Many years later, Ruatepupuke’s descendants brought these examples from the legendary homeland of Hawaiki to Aotearoa, where they served as models for Te Rāwheoro, the famous whare wānanga (school of learning) established by Hingaangaroa at Ūawa (Tolaga Bay). Future students of the wānanga, such as Tūkākī and Iwirākau, spread the influence of this school throughout the East Coast and eventually beyond.

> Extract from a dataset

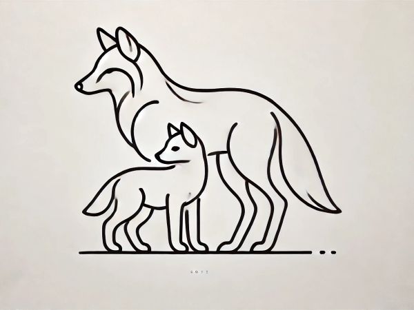 Elegant Line Art of Coyote and Cub: Minimalist Black and White

Links with other Polynesian carving traditions

The legend of Ruatepupuke establishes carving as a taonga tuku iho, a divine gift from the gods handed down from ancestors, and therefore an art form that requires ritual respect. It also indicates that the tradition of carving was established in Hawaiki and brought to New Zealand. Linguistically and technologically the cultures of the early Māori and of other eastern Polynesian societies such as Rarotonga, Tahiti, the Marquesas and Hawaii are closely related, so it is not surprising that there is a direct relationship between the carving found on these islands and those of the earliest phases of Māori art. Those early forms evolved as the first Māori became accustomed to their new islands, and an art emerged that reflected the local flora, fauna and climate.

Footnotes
    • Quoted in Ranginui Walker, Tohunga whakairo: Paki Harrison: the story of a master carver. Auckland: Penguin, 2008, p. 190. Back

Carving materials and techniques

Symbolism of carving materials

The trees used to provide wood for whakairo (carving) represented Tāne, the god of the forest, and carving timber was sometimes referred to as the embodiment of Tāne. Special rituals were required to fell trees such as tōtara for carving. Once transformed into poupou (carved posts), the timbers took on the properties of the chiefs and other figures they represented. The pāua-shell used in the eyes of the figures came from the sea, the source of carving knowledge. The red ochre used to colour completed carvings was also worn as a personal decoration by high-born men and women, since red was the colour of high rank.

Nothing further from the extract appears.